1

Many similar posts exist on Stack Overflow, I have carefully reviewed such posts and have linked them to the end of this post. These existing posts have not been helpful, because they demonstrate segfaults resulting from passing uninitialized portions of memory into the char *dest argument of the strncpy() function. Another common theme in these posts are strong recommendations against using strncpy(), but the only alternative recommendation I have read is to use strlcpy() instead.

My program uses a statically allocated array of FS_Info structs to store information about file system entries. The idea is to output the names and sizes of the 10 largest files in a specified directory. As the array is of fixed size, when a filesystem entry is found that is larger than the smallest entry in the array, my program attempts to update the struct describing this smaller entry with values describing the new, larger one.

#include <stdio.h>
#include <stdlib.h>
#include <dirent.h>
#include <sys/stat.h>
#include <string.h>
#include <limits.h>
#include <unistd.h>

// size of array used to contain filesystem entries
const size_t fs_info_arr_size = 10;

// A struct to contain the name of a filesystem entry and its size in bytes.
typedef struct FS_Info
{
    char name[PATH_MAX];
    long long size;
} FS_Info;

// global pointer to FS_Info array
FS_Info *fs_info_arr[fs_info_arr_size];

// used to sort fs_entries array descending in terms of entry size
static int compare(const void *a, const void *b)
{
    const struct FS_Info *entryA = (FS_Info *)a;
    const struct FS_Info *entryB = (FS_Info *)b;

    return (entryB->size - entryA->size) - (entryA->size - entryB->size);
}

/*
Iterates over an array of FS_Info structs and returns a pointer to the struct having the smallest size member
*/
FS_Info *get_smallest_entry(FS_Info **entries)
{
    long long smallest = entries[0]->size;
    FS_Info *target;

    for (int i = 1; i < fs_info_arr_size * sizeof(FS_Info); i += sizeof(FS_Info))
    {
        if (entries[i]->size < smallest)
        {
            smallest = entries[i]->size;
            target = entries[i];
        }
    }
    return target;
}

/*
Add entires to the array.
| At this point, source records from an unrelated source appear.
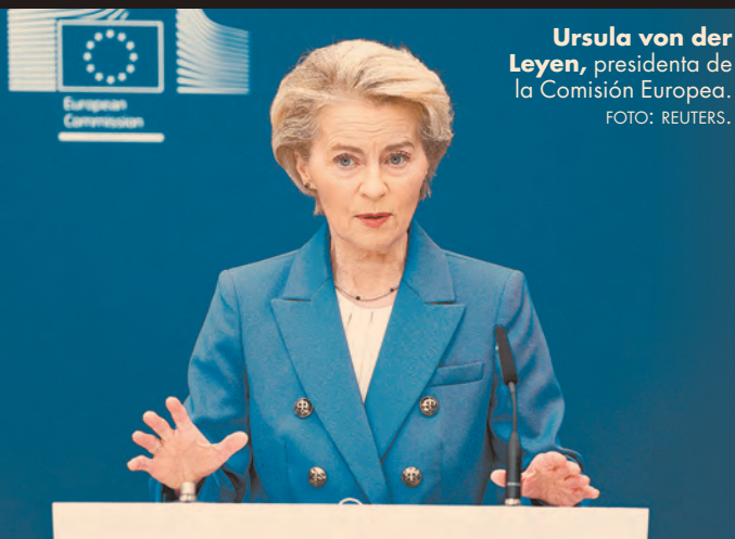
Ursula von der Leyen , presidenta de la Comisión Europea.
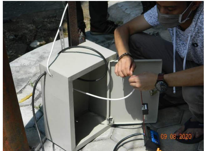
Gambar 4.4 Pemasangan Box panel untuk Charge Controller dan baterai
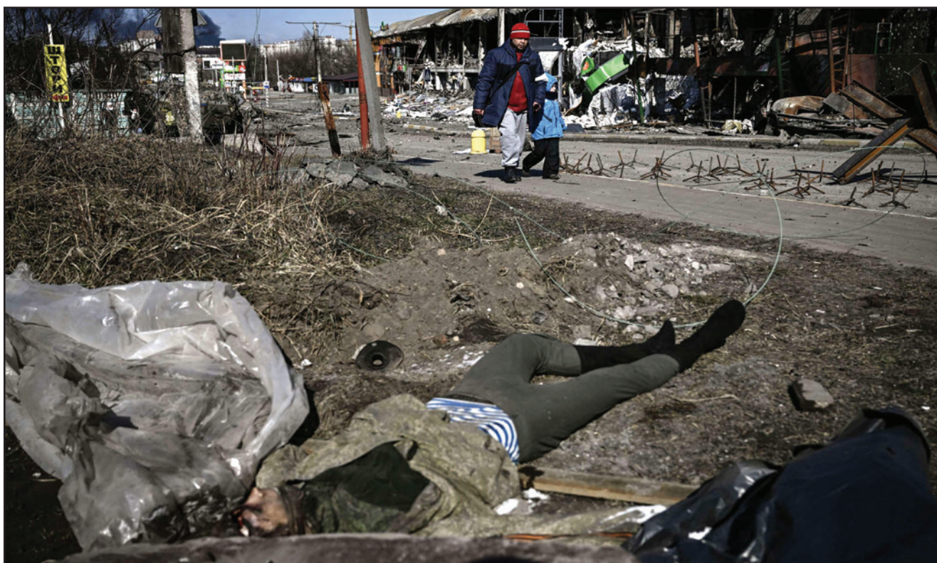
رجل وطفل يمران قرب جثة جندي خلال فرارهما من مدينة أربين شمال كييف أمس

المقابلة وفق بيان رسمي استعرض آخر التطورات على الساحة الأوكرانية، والطرق السلمية والدبلوماسية الكفيلة بحلها، كما تمت مناقشة القضايا الإقليمية والدولية ذات الصلة. في حين، اجتمع قادة الاتحاد الأوروبي في قمة غير رسمية في فرساي، أمس الخميس، لبحث أزمة أوكرانيا، فيما دعت فرنسا والمانيا، الرئيس الروسي، فلاديمير بوتين لـ«وقف إطلاق النار» وقال الرئيس الفرنسي إيمانويل ماكرون والمستشار الألماني أولاف شولتس، لبوتين خلال مكالمة هاتفية، إن حل النزاع في أوكرانيا يجب أن يأتي عبر «مفاوضات بين أوكرانيا وروسيا».
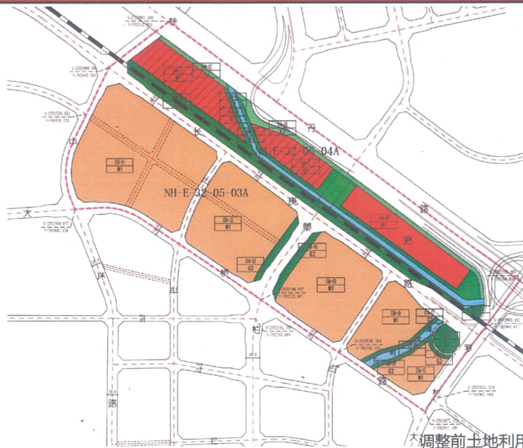
调整前土地利用规划图
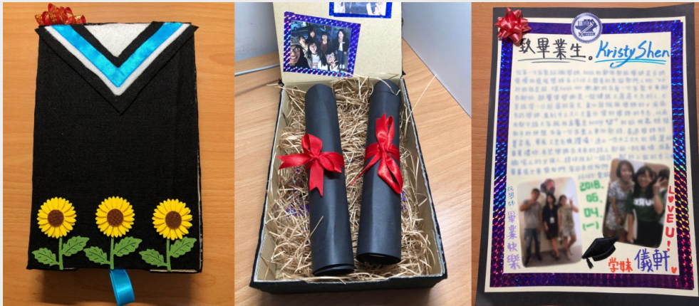
直屬學姊的畢業卡片。

傳科營是進入大學的第一個營隊，加入活動組後，快速在大學的生活裡找到了一份歸屬感。當我們都以身為活動組一份子為驕傲時，儘管營隊結束，我們的感情卻不會褪色。這一張集結所有活動組愛心的卡片，獻給我們活動組的大家長，以照片搭配文字，期許在畢業後，能飛往一個更美好的未來。利用象徵交通大學的藍色學士服為發想，獻上最誠摯的祝福。
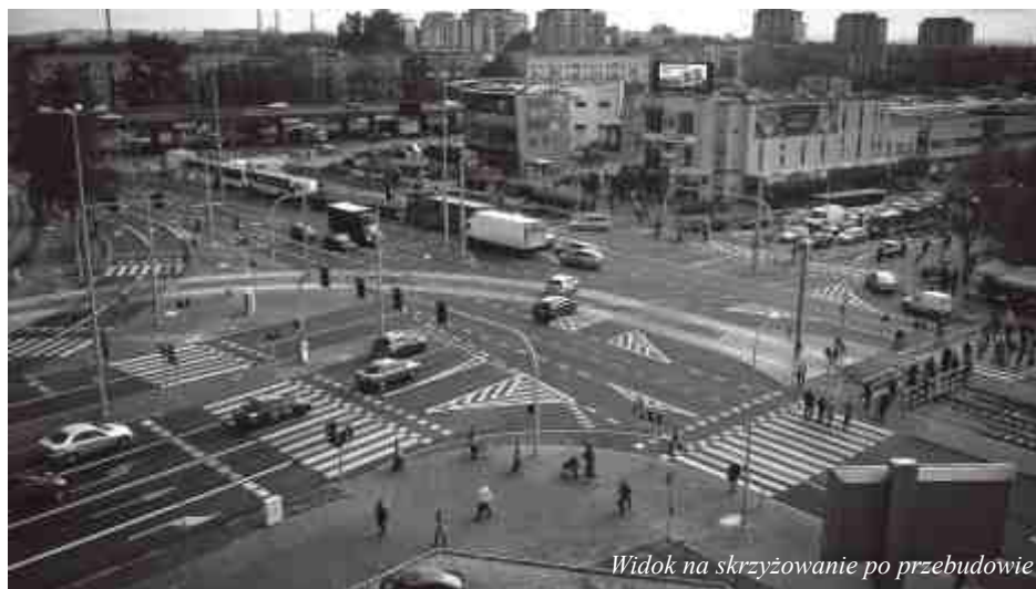
Widok na skrzyżowanie po przebudowie

Bilet zachowuje ważność na całej trasie.
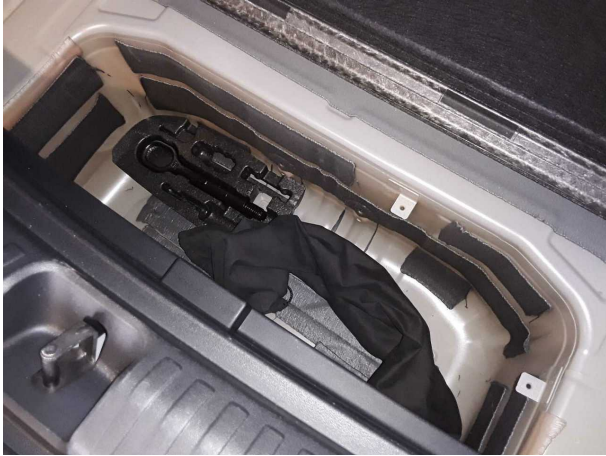
Abbildung 25: Sonstiges
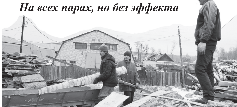
●Новодмитриевка. На устранение нарушений остался один день

В начале ноября на страницах нашей газеты была поднята проблема, касающаяся плохого отопления домов в Новодмитриевке. Ранее, напомним, там были установлены новые экономически выгодные котлы в котельной и теперь она работает на древесной щепе и опилках. «Работает»... на всех парах, но без эффекта.
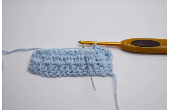
14. Gör 1 lm, virka 1 fm i nästa lm-mellemrum.
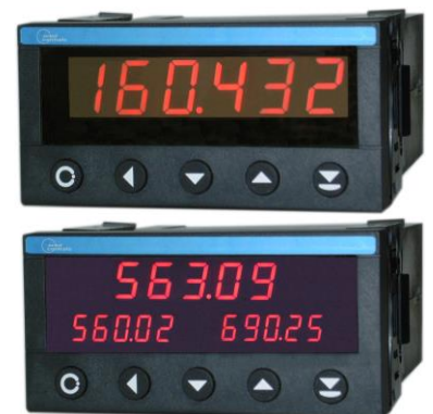
Kontroller und Anzeigen
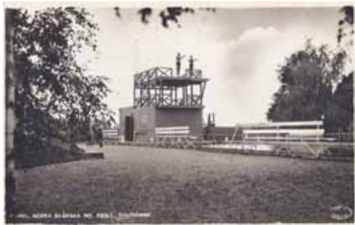
KUNGL.NORRA SKÅNSKA INF. REG:T. Friluftsbadet (Den 16/7 1936 invigdes regementets simbassäng) Vykortet är stämplat Kristianstad ?? Förlag och ensamrätt. Marketenteriet I 6.
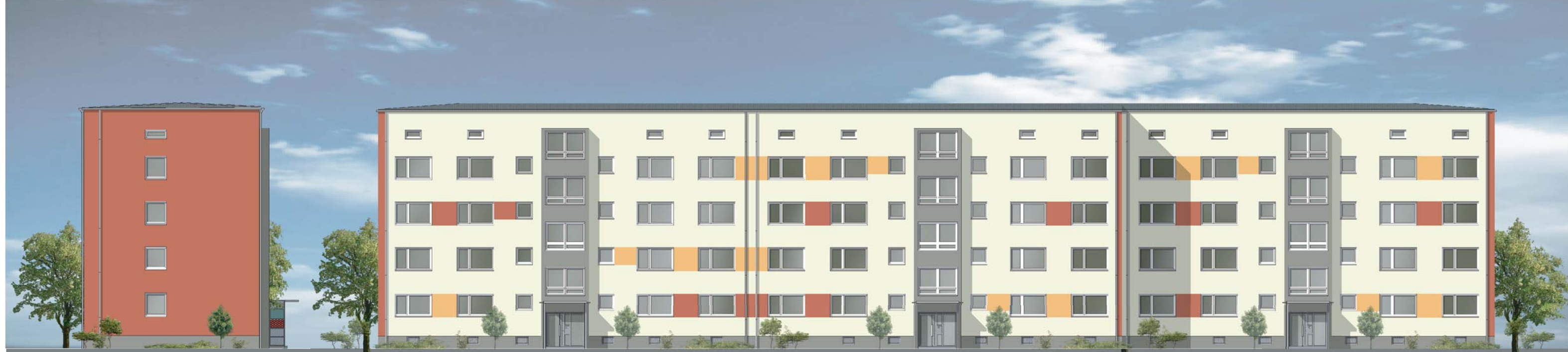
Ausführungsvariante Stand 27.04.2007 Haus 20-22-26 (Typ A4 + A4 + A4)
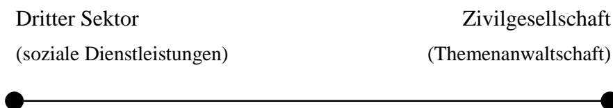
Abbildung 2: Idealtypisches Spektrum gemeinwohlorientierten Handelns

Die vorliegende Studie argumentiert, dass sich Strukturen der Zivilgesellschaft und des Dritten Sektors in Russland zwischen zwei Polen verorten lassen: der Dritte Sektor als sozialer Dienstleister und Organisationen der Zivilgesellschaft als Themenanwälte.
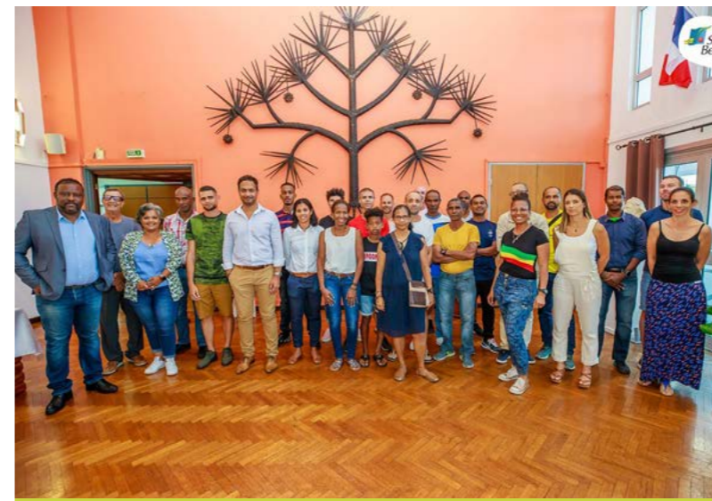
RÉCEPTION EN L'HONNEUR DES PARTICIPANTS AU GRAND RAID 2022 • 16 OCTOBRE •
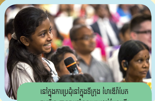
នៅក្នុងការប្រជុំនៅក្នុងទីក្រុង ហៃឌើរីហែត កុមារីនេះបានសួរសំណួរមួយដល់រំលែងខ្លឹម បែដណា ។
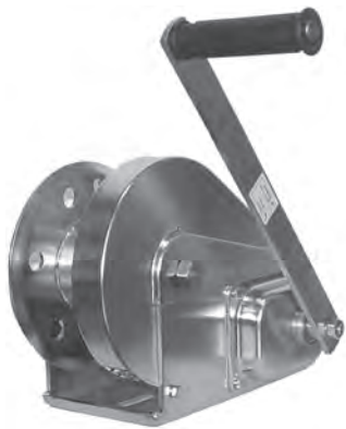
LHW-C INOX Siehe Seite 19
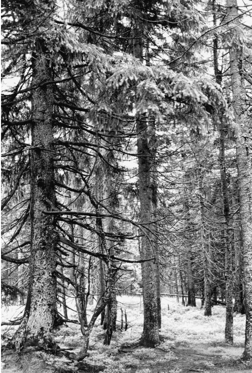
Abb. 1: Fichtenwald auf dem Bruchbergkamm zwischen Stieglitzeck und Skikreuz, 1979. - Spruce forest on the crest of "Bruchberg" between "Stieglitzeck" and "Skikreuz", 1979.
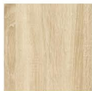
名称：开放柜 膜皮编号：CS-840 挪威森林
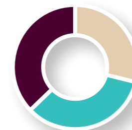
Tipo de Recursos
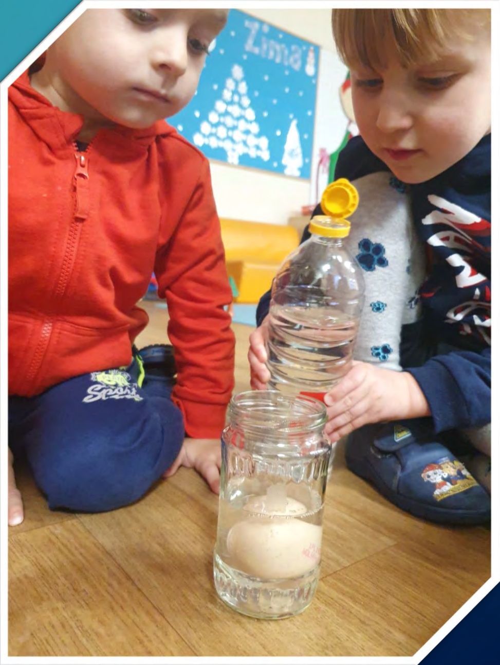
Podczas kolejnych zajęć w ramach realizacji innowacji pedagogicznej „Mali odkrywcy w świecie żywności” stworzyliśmy gumowe jajo.
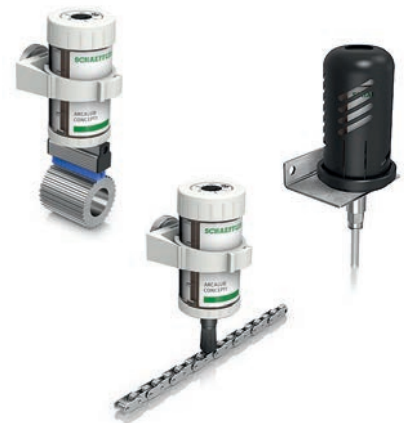
Vierfältiges Zubehör verfügbar (Auswahl)
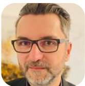
Dirk Ritter Behörde für Verkehr und Mobilitätswende (Hamburg)
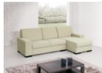
Ref. Nº CHAISEboss Chaiselong modelo Boss
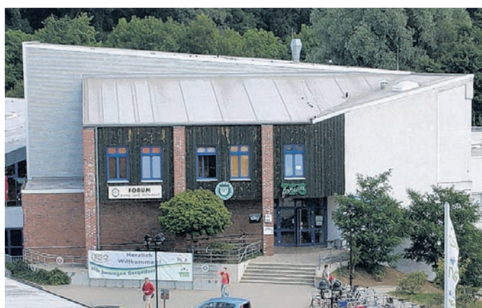
Das TSG Sportforum ist die größte vereinseigene multifunktionale Sportanlage Norddeutschlands.

►be.Fit im Bille-Bad, Reetwerder 25, 21029 Hamburg, Telefon: (040) 707 03 866. E-Mail: be.fit@tsg-bergedorf.de .
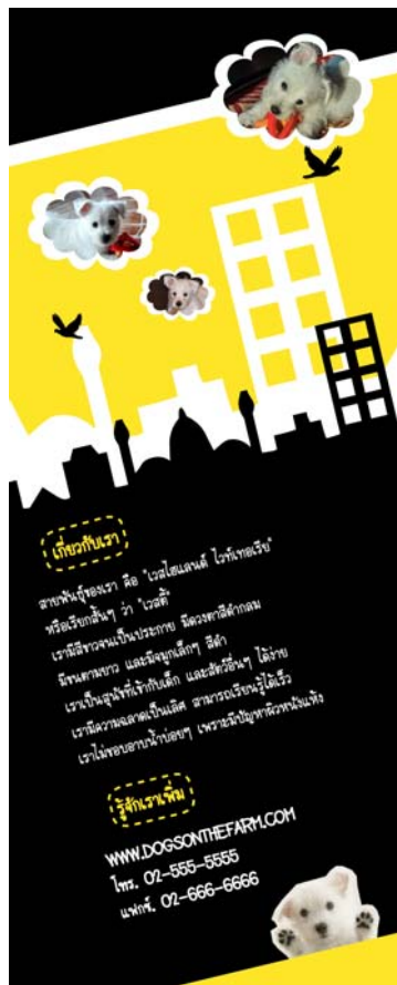
ภาพตัวอย่างประกอบ

ให้นำเสนอตัวเองด้วยการออกแบบชิ้นงาน 2 ชั้น ในส่วนของข้อความและภาพประกอบ โดยมีข้อกำหนด ดังนี้
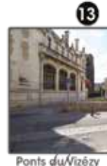
Ponts du Vizèzy (p. 4)
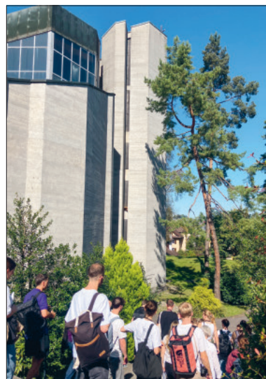
Studierende während der Begehung der Kirche St. Michael.

Aber warum sollte in einer Kirche gewohnt werden? Diese Ausgangslage ergab sich durch die allgemeinen Verhältnisse des knappen Wohnraums. Wohnen ist grundsätzlich positiv konnotiert und die Erweiterung des Wohnraumangebots wird auch politisch von allen Seiten gefordert. Überdies ist unsere Bausubstanz aus verschiedenen Epochen eine spannende Herausforderung für Architekturstudierende. Chris-
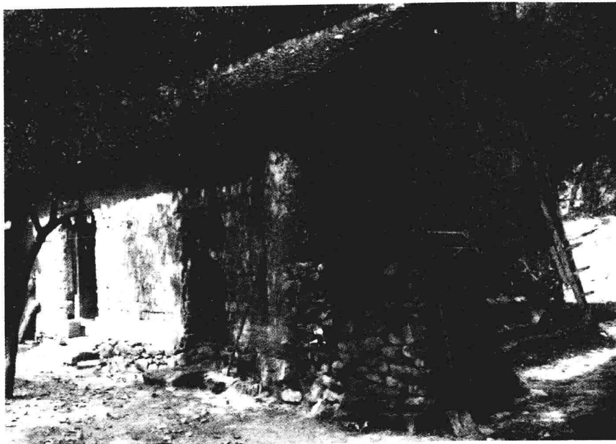
侯寨知青农场九连男知青住住过的老屋
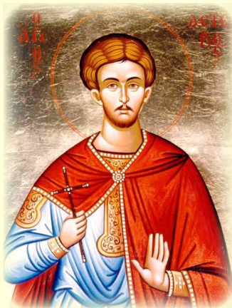
Ὁ Ἅγιος Μάρτυς Ἀστέριος
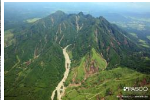
治山事業施工地内の根子岳の崩壊状況(平成24年)
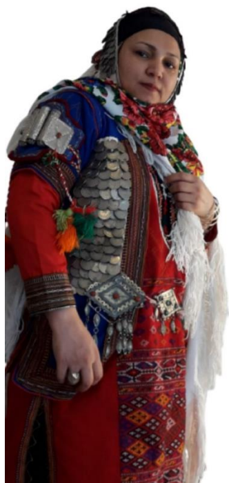
تصویر 15: جلیقه ولباس بانوان کلات نادر

( جلیقه ی که فقط در قسمت جلوی آن سکه دوخته شده ) در این تصویر جلوی جلیقه با سه ردیف سکه مزین شده که در ردیف بالای جلیقه از سکه های کوچکتر و در پایین جلیقه از سکه های بزرگتری استفاده شده ( تصویر 16 )
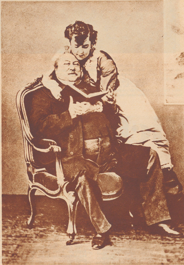
Alexander Dumas der Ältere (1802–1870)

Honoré de Balzac (1799–1850) fait époque dans la littérature française. Ses 100 romans et nouvelles, qui dépeignent la vie bourgeoise de son époque, marquent le début du Réalisme.
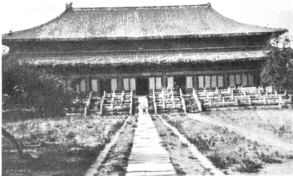
Aus China, Abb. 1. Große Opferhalle des Kaisers Jung Lo in den Ming-Gräbern.

Der Ratsherr umfaßte den vollgesenkten Becher und stellte ihn zur Seite.

If the array is full, use the above function to find the
struct having the smallest file size, and if the current file size is larger, replace it.
*/
void update_fs_info_arr(char *path) // FIXME debug call stack shows that using strncpy here causes segfault
{
    static int items_added = 0;

    struct stat st;
    if (stat(path, &st) == 0)
    {
        if (items_added < fs_info_arr_size) // if array capacity will not be exceeded
        {
            strncpy(fs_info_arr[items_added]->name, path, PATH_MAX);
            // strlcpy(fs_info_arr[items_added]->name, path, sizeof(fs_info_arr[items_added]->name));
            // strncpy(fs_info_arr[items_added]->name, path, sizeof(fs_info_arr[items_added]->name) / sizeof(fs_info_arr[items_added]->name[0]) - 1);
            // fs_info_arr[items_added]->name[sizeof(fs_info_arr[items_added]->name) / sizeof(fs_info_arr[items_added]->name[0]) - 1] = 0;
            fs_info_arr[items_added]->size = st.st_size;

            items_added++;
        }
        else
        // find entry having the smallest size and replace it with the current entry if it is larger
        {
            FS_Info *smallest = get_smallest_entry(fs_info_arr);
            if (st.st_size > smallest->size)
            {
                strncpy(smallest->name, path, PATH_MAX);
                // strlcpy(smallest->name, path, sizeof(smallest->name));
                // strncpy(smallest->name, path, sizeof(smallest->name) / sizeof(smallest->name[0]) - 1);
                // smallest->name[sizeof(smallest->name) / sizeof(smallest->name[0]) - 1] = 0;
                smallest->size = st.st_size;
            }
        }
    }
    else
    {
        printf("Error getting stat for entry %s: %d\n", path, stat(path, &st));
    }
}

void walk(const char *currDir)
{
    DIR *dir = opendir(currDir);
    struct dirent *entry;

    if (dir == NULL)
    {
        printf("%s could not be opened", currDir);
        return;
    }

    while ((entry = readdir(dir)) != NULL)
    {
        // if directory is current dir or parent dir
        if (strcmp(entry->d_name, ".") == 0 || strcmp(entry->d_name, "..") == 0)
        {
            continue;
        }

        char path_to_entry[PATH_MAX];
        snprintf(path_to_entry, sizeof(path_to_entry), "%s/%s", currDir, entry->d_name);
        //snprintf(path_to_entry, sizeof(path_to_entry) - 1, "%s/%s", currDir, entry->d_name);
        //path_to_entry[sizeof(path_to_entry) - 1] = '\0';

        update_fs_info_arr(path_to_entry);

        if (entry->d_type == DT_DIR)
        {
            walk(path_to_entry);
        }
    }
    closedir(dir);
}

int main(int argc, char *argv[])
{

    char target_dir[PATH_MAX];

    strncpy(target_dir, argv[1], PATH_MAX);

    printf("Finding the %zu largest files in: %s\n", fs_info_arr_size, target_dir);

    // recursively visit all entries in the specified directory
    walk(target_dir);

    // sort the entries descending by file size
    qsort(fs_info_arr, fs_info_arr_size, sizeof(*fs_info_arr), compare);

    // output ten largest files found
    for (int i = 0; i < fs_info_arr_size; i++)
    {
        printf("%s\t%lld\n", fs_info_arr[i]->name, fs_info_arr[i]->size);
    }

    return EXIT_SUCCESS;
}

The posts linked below fail to initialize memory being copied into by strncpy() or involve an incorrect size_t num argument as specified here. In the case of the later, I attempted changing my code to match the pattern described in the post linked first below, but this had no effect.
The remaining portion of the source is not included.